ABOUT THIS TASK: In the entries below, find the line with "Via de verzorgde" and the line with "3、就会显示全国套餐的资费标准,在办理前可以事先参考一下资费标准", then retype both and everything between them exactly. Do not copy the pictures.

INFORMATION SHOWN:
════════════════════
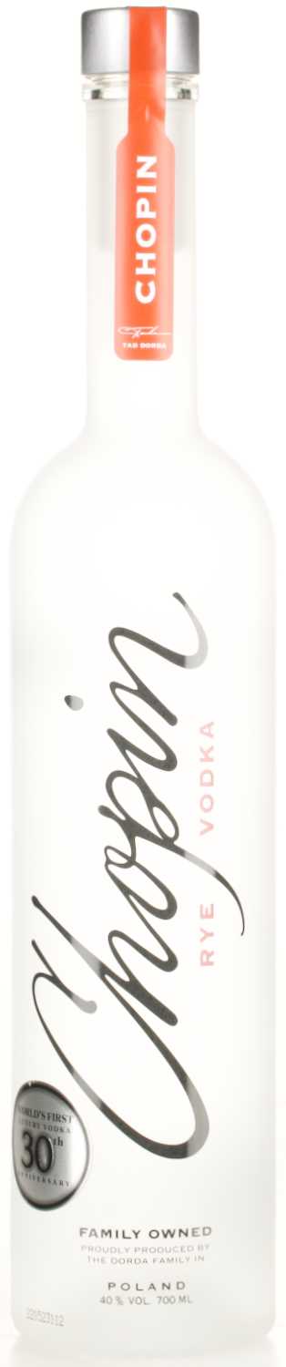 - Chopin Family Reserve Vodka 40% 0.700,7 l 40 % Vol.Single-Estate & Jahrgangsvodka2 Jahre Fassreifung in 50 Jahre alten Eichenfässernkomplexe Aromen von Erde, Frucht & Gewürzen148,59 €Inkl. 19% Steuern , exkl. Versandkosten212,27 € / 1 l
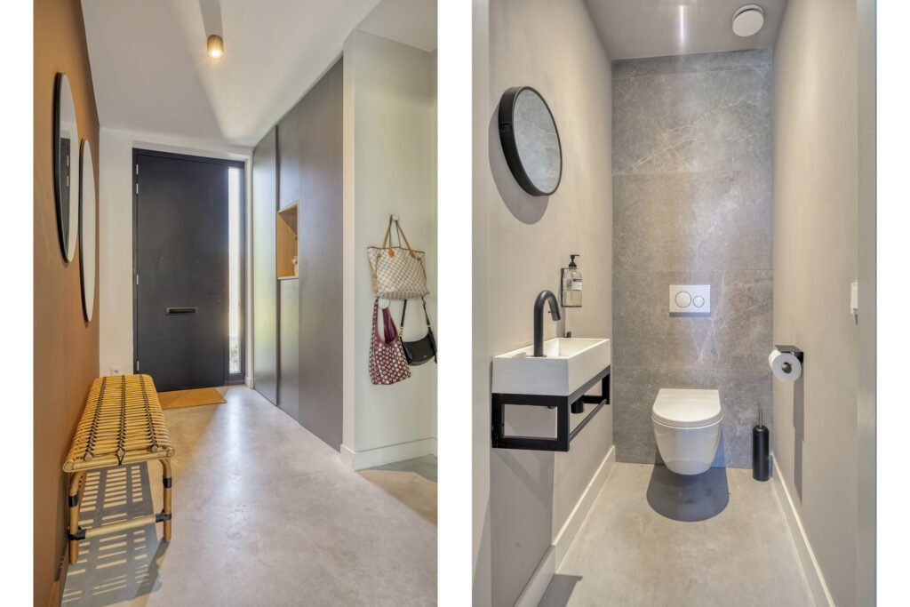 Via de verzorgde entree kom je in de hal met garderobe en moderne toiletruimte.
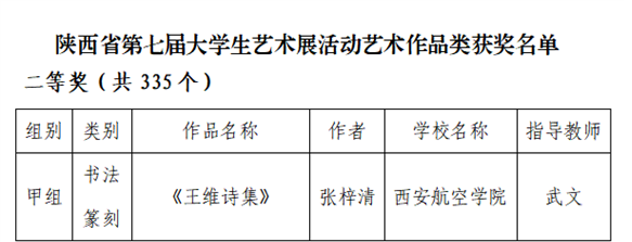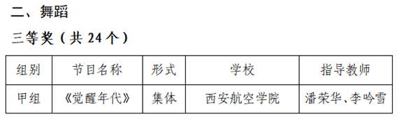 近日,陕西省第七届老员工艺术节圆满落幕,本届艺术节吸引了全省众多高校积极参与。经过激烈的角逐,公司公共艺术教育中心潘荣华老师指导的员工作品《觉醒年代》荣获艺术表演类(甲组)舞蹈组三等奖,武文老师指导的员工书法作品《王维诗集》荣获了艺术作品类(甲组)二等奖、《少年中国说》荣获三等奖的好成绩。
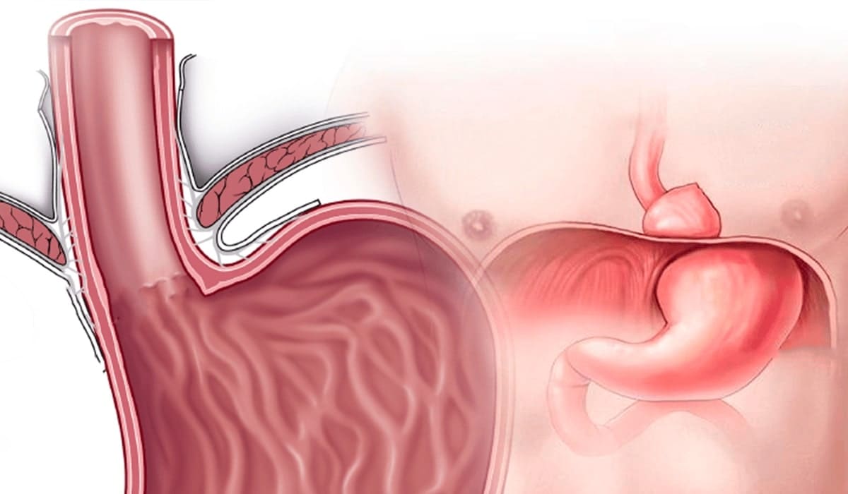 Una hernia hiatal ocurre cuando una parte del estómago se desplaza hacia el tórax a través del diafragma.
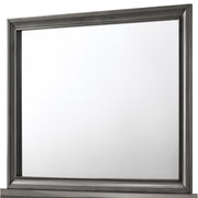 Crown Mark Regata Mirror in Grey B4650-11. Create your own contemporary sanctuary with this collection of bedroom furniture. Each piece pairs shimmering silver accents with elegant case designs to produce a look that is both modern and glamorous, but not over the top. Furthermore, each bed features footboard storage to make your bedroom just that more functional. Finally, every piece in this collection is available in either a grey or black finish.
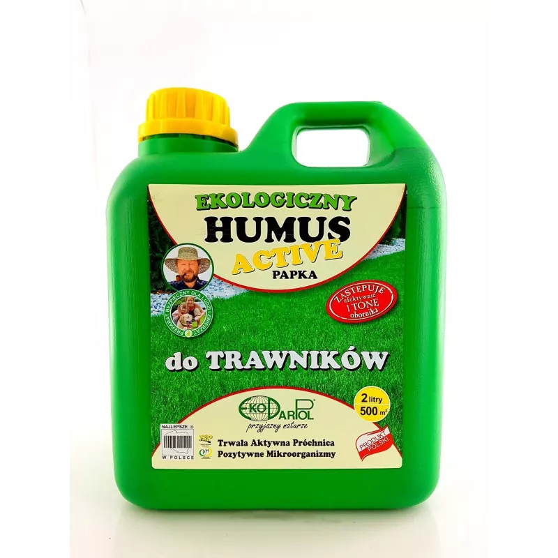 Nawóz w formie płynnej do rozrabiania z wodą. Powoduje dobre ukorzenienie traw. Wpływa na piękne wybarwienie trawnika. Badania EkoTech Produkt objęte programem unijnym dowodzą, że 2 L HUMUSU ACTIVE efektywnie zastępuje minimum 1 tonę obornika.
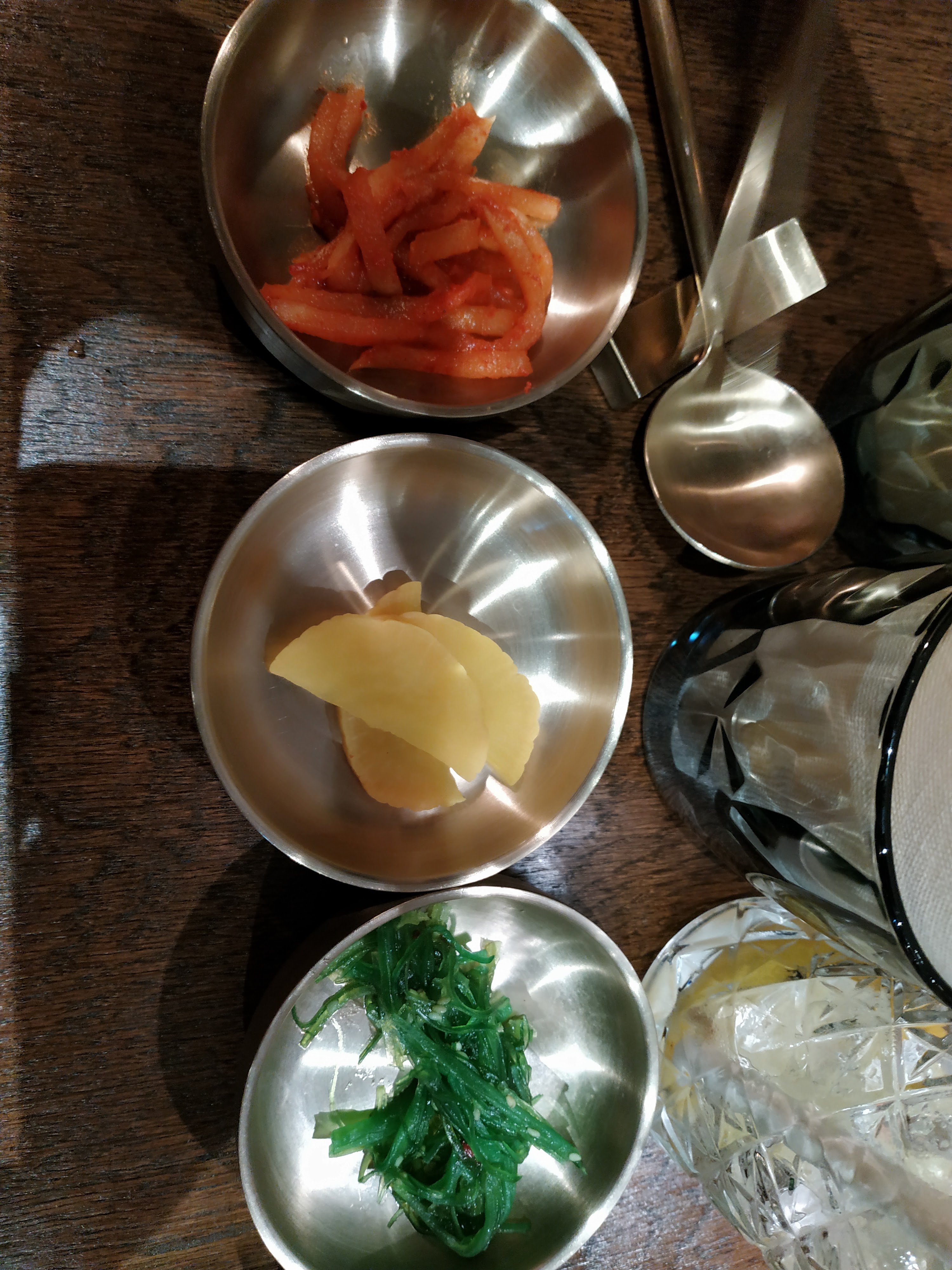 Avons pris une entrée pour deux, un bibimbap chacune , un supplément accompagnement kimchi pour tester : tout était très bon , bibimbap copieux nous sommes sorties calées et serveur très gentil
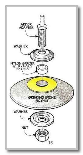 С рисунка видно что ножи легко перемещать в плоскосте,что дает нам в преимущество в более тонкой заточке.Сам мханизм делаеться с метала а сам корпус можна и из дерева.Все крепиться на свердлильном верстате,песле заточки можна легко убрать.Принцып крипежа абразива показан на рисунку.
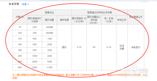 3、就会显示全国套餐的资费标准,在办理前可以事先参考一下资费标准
════════════════════
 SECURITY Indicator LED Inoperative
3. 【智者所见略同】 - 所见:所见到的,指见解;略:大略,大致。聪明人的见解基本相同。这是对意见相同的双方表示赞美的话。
════════════════════
ANSWER TO THIS EXERCISE:
 Via de verzorgde entree kom je in de hal met garderobe en moderne toiletruimte.
 近日,陕西省第七届老员工艺术节圆满落幕,本届艺术节吸引了全省众多高校积极参与。经过激烈的角逐,公司公共艺术教育中心潘荣华老师指导的员工作品《觉醒年代》荣获艺术表演类(甲组)舞蹈组三等奖,武文老师指导的员工书法作品《王维诗集》荣获了艺术作品类(甲组)二等奖、《少年中国说》荣获三等奖的好成绩。
 Una hernia hiatal ocurre cuando una parte del estómago se desplaza hacia el tórax a través del diafragma.
 Crown Mark Regata Mirror in Grey B4650-11. Create your own contemporary sanctuary with this collection of bedroom furniture. Each piece pairs shimmering silver accents with elegant case designs to produce a look that is both modern and glamorous, but not over the top. Furthermore, each bed features footboard storage to make your bedroom just that more functional. Finally, every piece in this collection is available in either a grey or black finish.
 Nawóz w formie płynnej do rozrabiania z wodą. Powoduje dobre ukorzenienie traw. Wpływa na piękne wybarwienie trawnika. Badania EkoTech Produkt objęte programem unijnym dowodzą, że 2 L HUMUSU ACTIVE efektywnie zastępuje minimum 1 tonę obornika.
 Avons pris une entrée pour deux, un bibimbap chacune , un supplément accompagnement kimchi pour tester : tout était très bon , bibimbap copieux nous sommes sorties calées et serveur très gentil
 С рисунка видно что ножи легко перемещать в плоскосте,что дает нам в преимущество в более тонкой заточке.Сам мханизм делаеться с метала а сам корпус можна и из дерева.Все крепиться на свердлильном верстате,песле заточки можна легко убрать.Принцып крипежа абразива показан на рисунку.
 3、就会显示全国套餐的资费标准,在办理前可以事先参考一下资费标准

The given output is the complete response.